The 1948 Venezuelan coup d'état took place on 24 November 1948, when Carlos Delgado Chalbaud, Marcos Pérez Jiménez and Luis Felipe Llovera Páez overthrew the elected president, Rómulo Gallegos, who had been elected in the 1947 Venezuelan general election (generally believed to be the country's first honest election) and had taken office in February 1948. Chalbaud had been Gallegos' minister of defense. Jiménez took command of the country as its dictator.

Democracy would not be restored until the 1958 Venezuelan coup d'état overthrew Jiménez.

== Aftermath ==
The military coup was publicly justified as an institutional response by the Armed Forces to counter the perceived threats of political sectarianism and persistent agitation by factions accused of squandering opportunities to act in the nation's best interests.

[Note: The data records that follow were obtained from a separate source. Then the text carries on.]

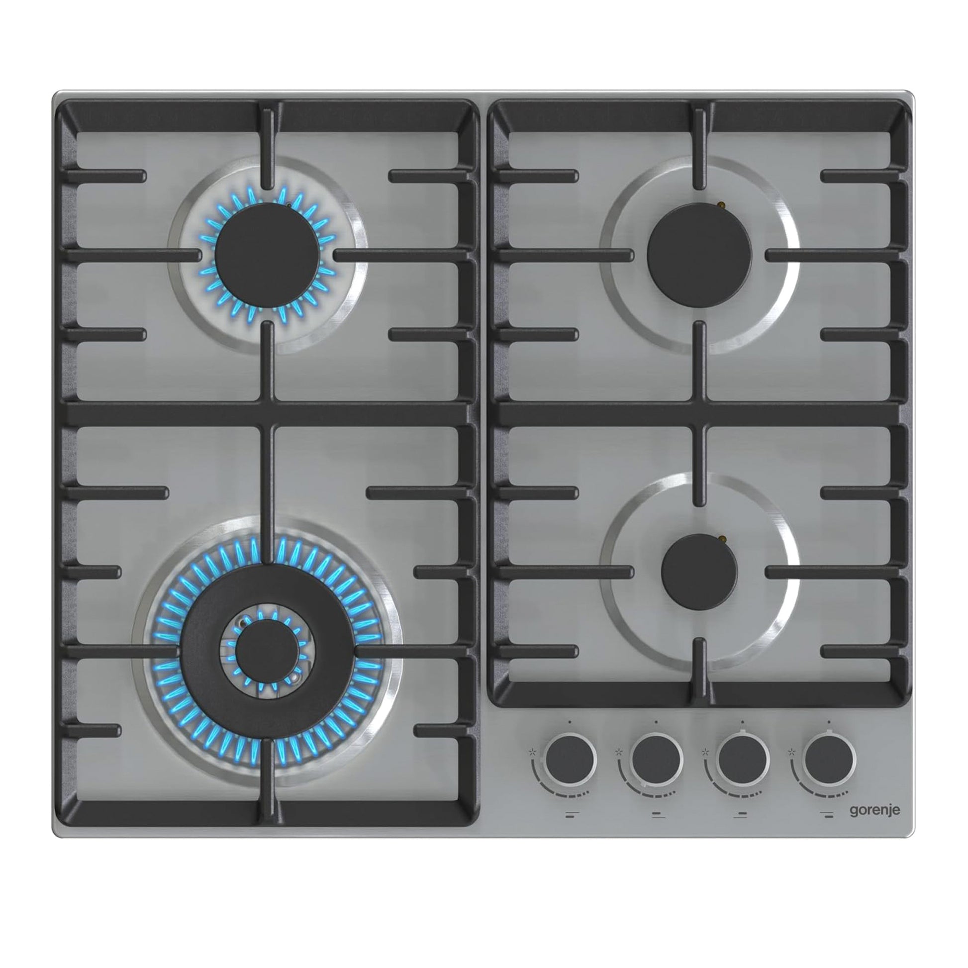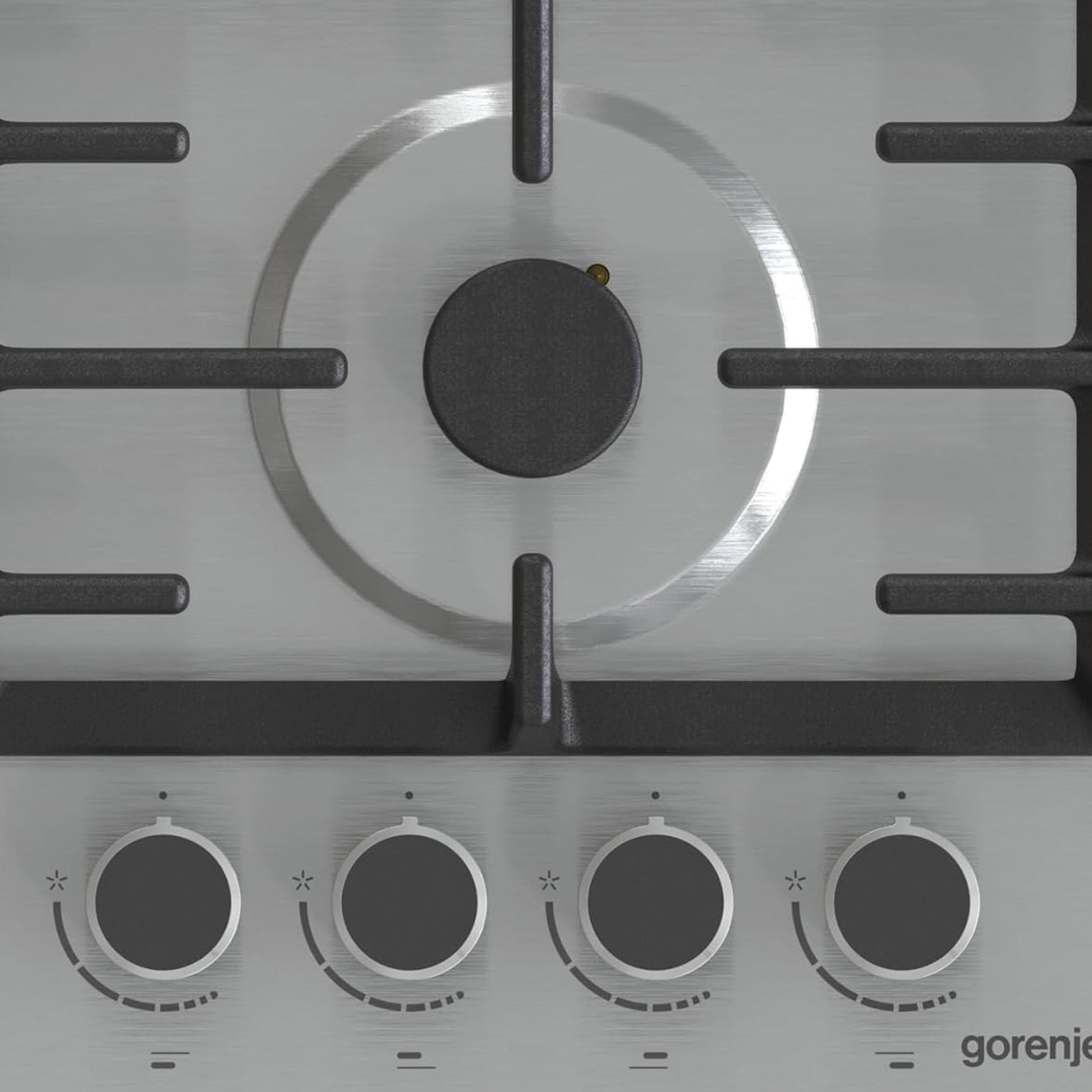 Gorenje GW642ABX, 60 cm Stainless Steel Gas Hob, One hand Ignition, Cost Iron Pan Support, Made in Slovenia, 1 Year Warranty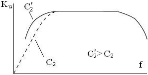 На высоких частотах усилительные свойства каскадов ухудшаются и величина Ku падает.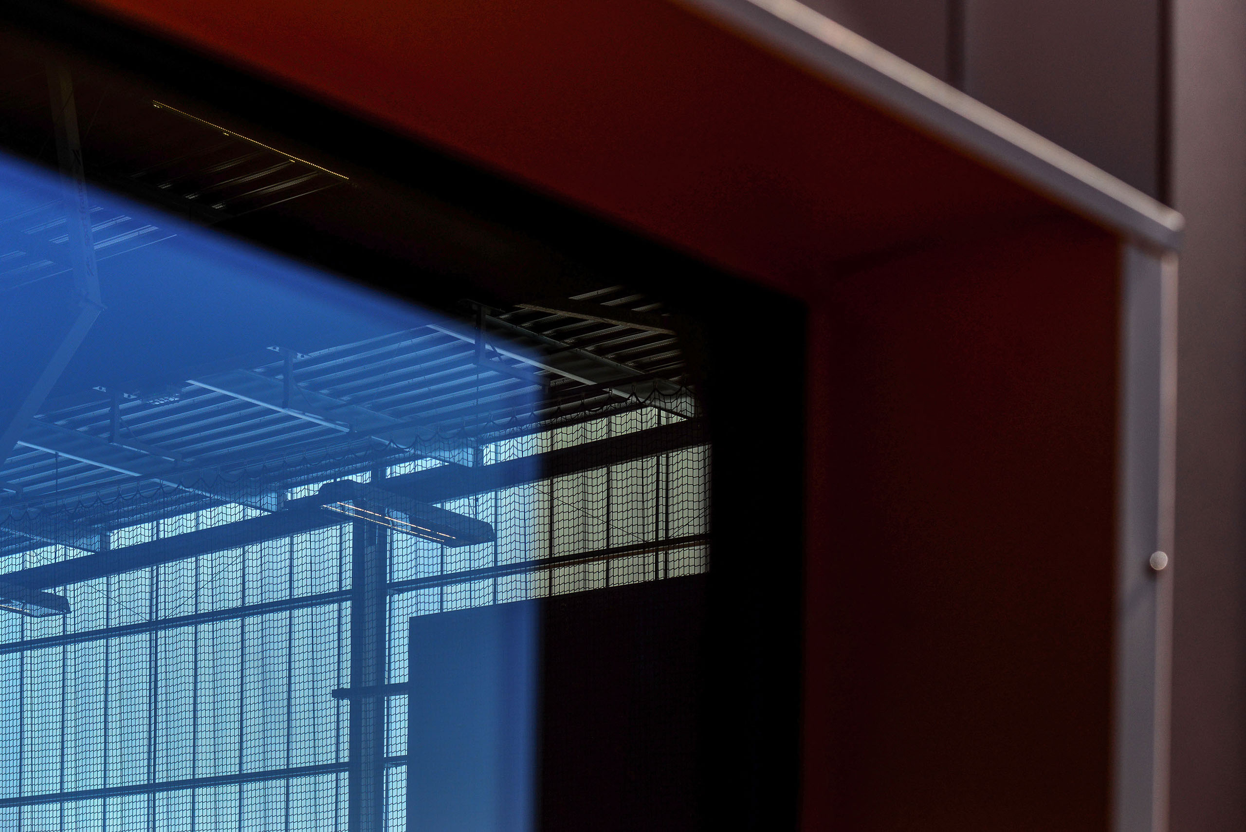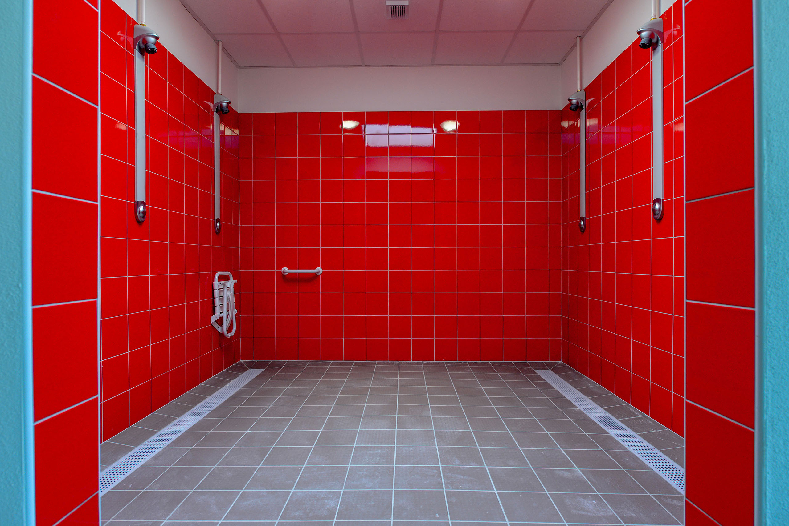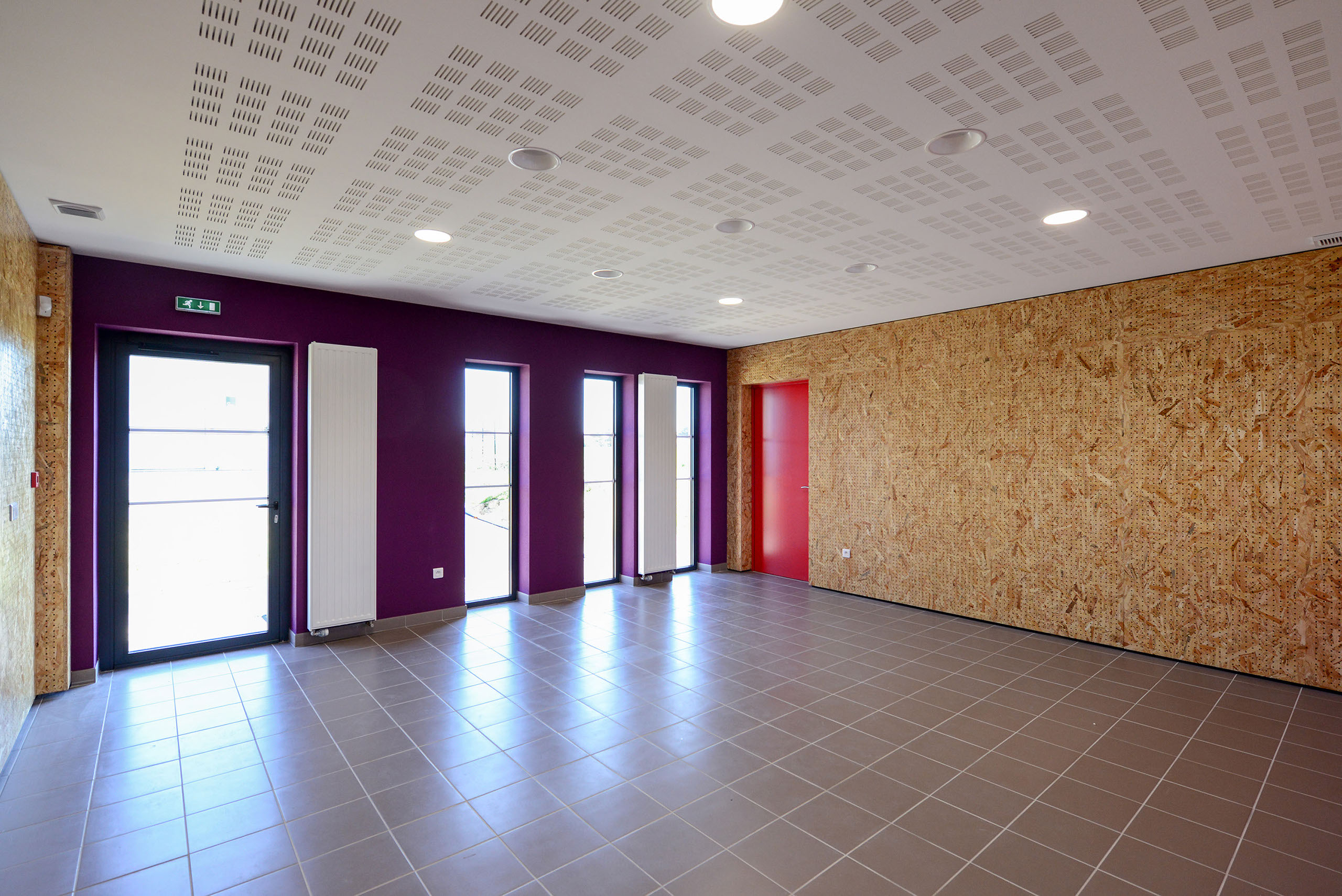 Le volume des vestiaires, s’aligne en hauteur sur cette césure. Il est percé de fenêtres étroites.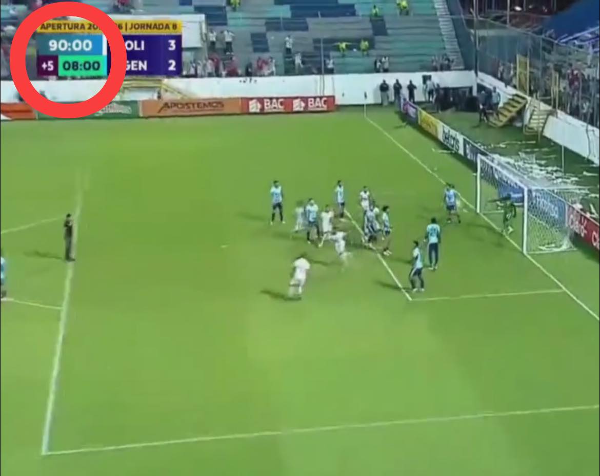 «En el partido de Olimpia-Génesis el árbitro agrega cinco minutos inicialmente y luego dos. Para dejarlo claro, en los tiempos que se agregan también el árbitro puede volver a agregar si él considera que se ha perdido tiempo. Aquí lastimosamente tenemos esta situación clara, el gol del Génesis cae a los 90 minutos con 30 segundos, pero la celebración del jugador, que además fue expulsado, duró dos minutos», indicó en su análisis de la 8 y 9 jornadas.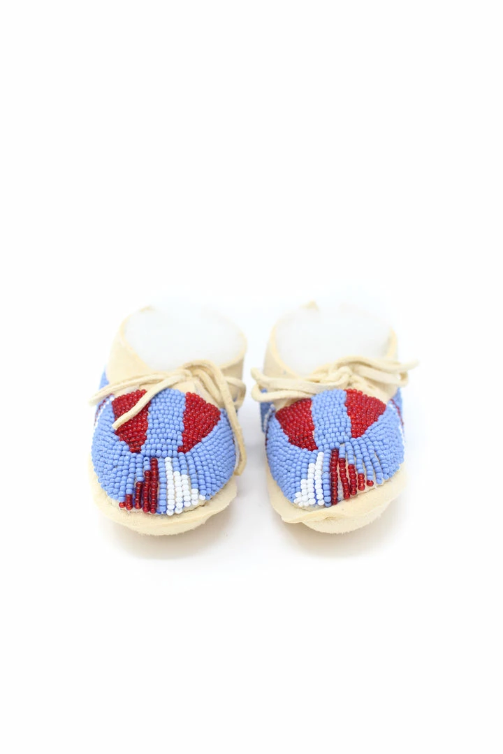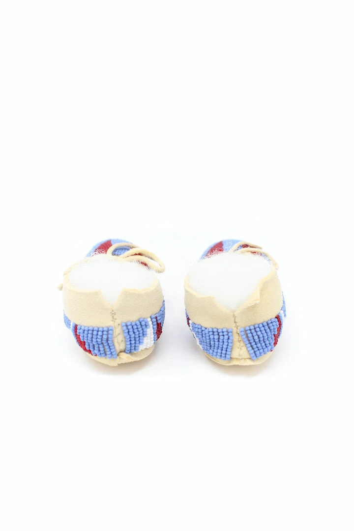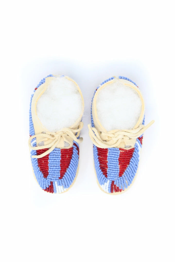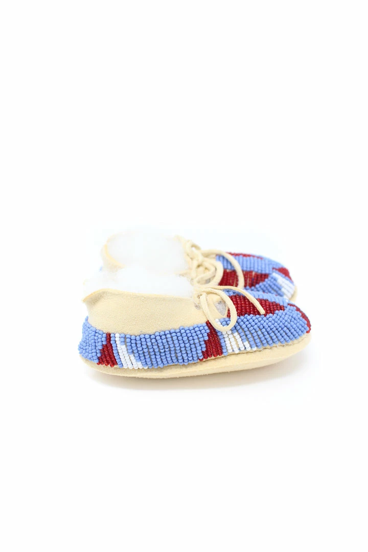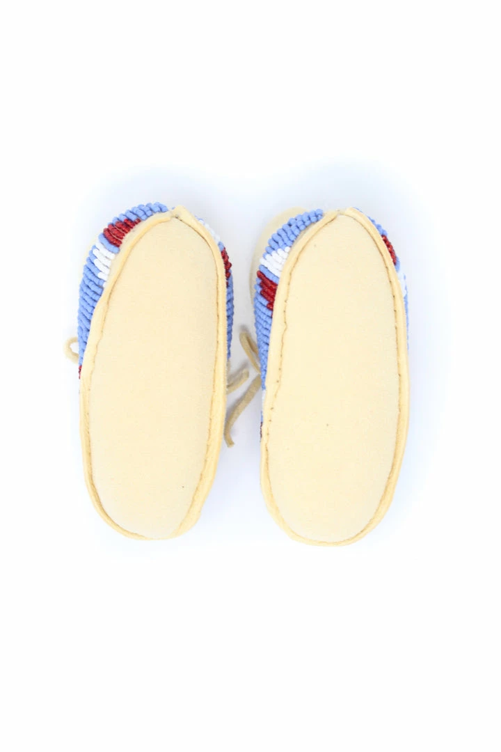 Tanned hide baby moccasins adorned with size 11/0 seedΒ beads.Β
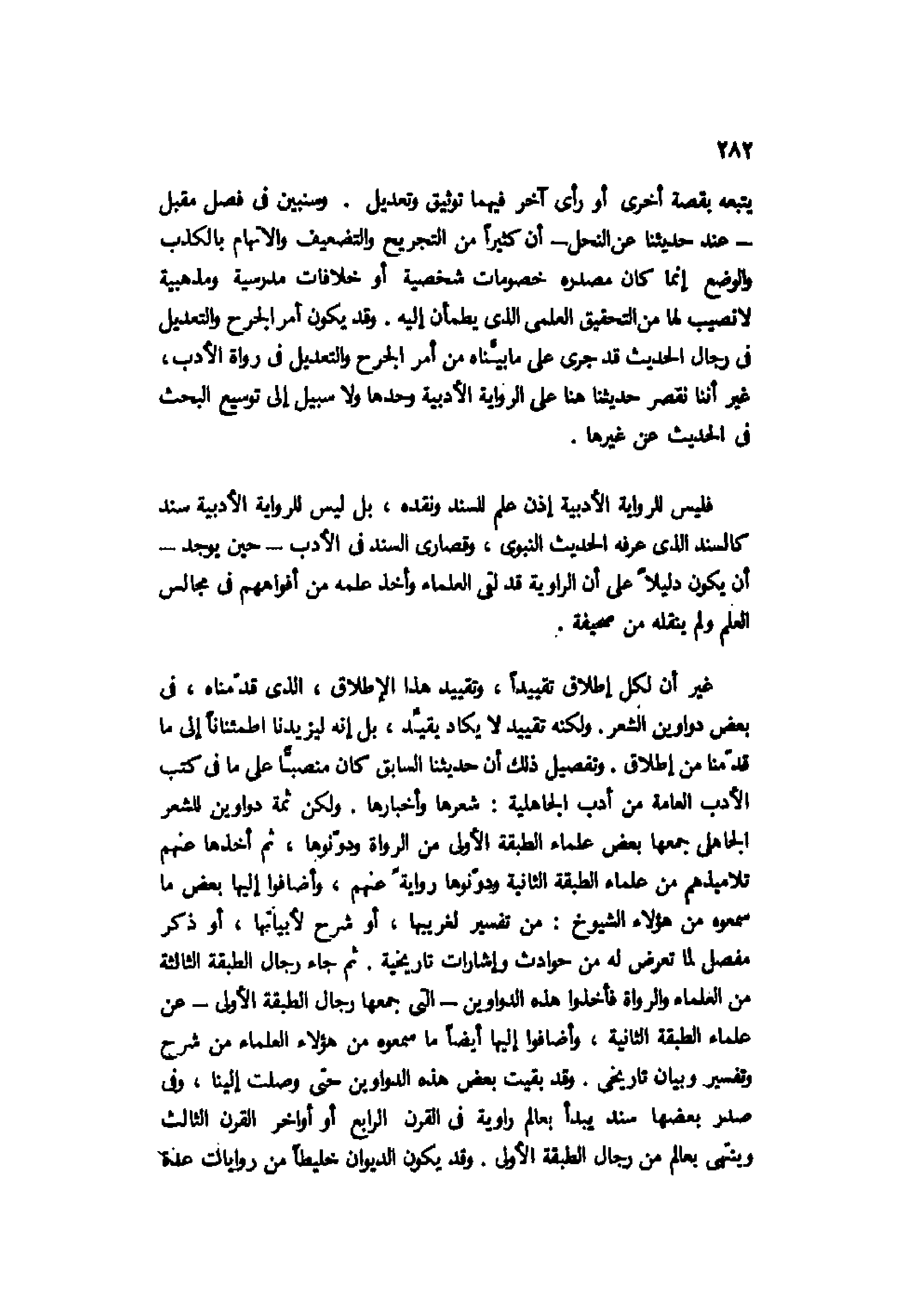 فليس للرواية الأدبية إذن علم للسند ونقده، بل ليس للرواية الأدبية سند كالسند الذي عرفه الحديث النبوي، وقصارى السند في الأدب -حين يوجد- أن يكون دليلًا على أن الراوية قد لقي العلماء وأخذ علمه من أفواههم في مجالس العلم ولم ينقله من صحيفة.

Days after the coup, Carlos Delgado Chalbaud privately informed the U.S. Ambassador that "Gallegos had allowed himself to be controlled by (Rómulo) Betancourt" and that Democratic Action sought to "organize its own Armed Forces and impose a Marxist government, even at the risk of civil war".

Former President Gallegos, speaking from exile, declared:

"What does it mean that —as confirmed by sources I consider absolutely reliable— a military attaché from a foreign power's embassy was observed acting as an advisor or collaborator at one of Caracas' main military barracks during the armed insurrection...?"

These statements provoked discomfort at the U.S. Embassy in Venezuela and the White House, which delayed its recognition of the new de facto government longer than anticipated.